── Supplied records
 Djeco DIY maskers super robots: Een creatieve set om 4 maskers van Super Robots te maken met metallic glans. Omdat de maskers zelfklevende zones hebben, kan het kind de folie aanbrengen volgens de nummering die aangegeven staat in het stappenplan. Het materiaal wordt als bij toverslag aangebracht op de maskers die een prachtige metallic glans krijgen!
────
── Supplied records
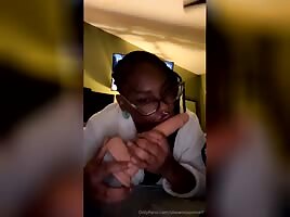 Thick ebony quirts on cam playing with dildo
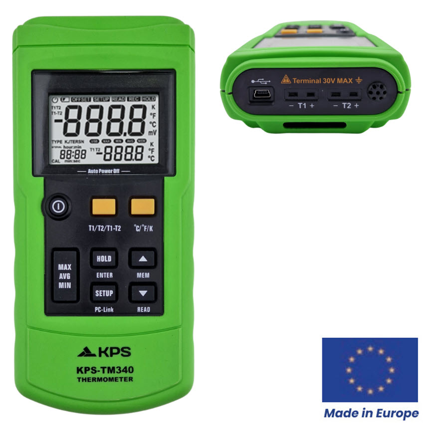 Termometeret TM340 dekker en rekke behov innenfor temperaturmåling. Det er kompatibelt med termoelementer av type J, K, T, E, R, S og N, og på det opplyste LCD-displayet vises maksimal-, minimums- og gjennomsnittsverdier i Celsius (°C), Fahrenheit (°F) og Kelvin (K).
────
- Exercise objective -
Give back exactly the lines above that run from the one with "Thick ebony quirts on cam playing with dildo" to the one with "Termometeret TM340 dekker", including both, with the pictures left out.

- Expected answer -
 Thick ebony quirts on cam playing with dildo
 Termometeret TM340 dekker en rekke behov innenfor temperaturmåling. Det er kompatibelt med termoelementer av type J, K, T, E, R, S og N, og på det opplyste LCD-displayet vises maksimal-, minimums- og gjennomsnittsverdier i Celsius (°C), Fahrenheit (°F) og Kelvin (K).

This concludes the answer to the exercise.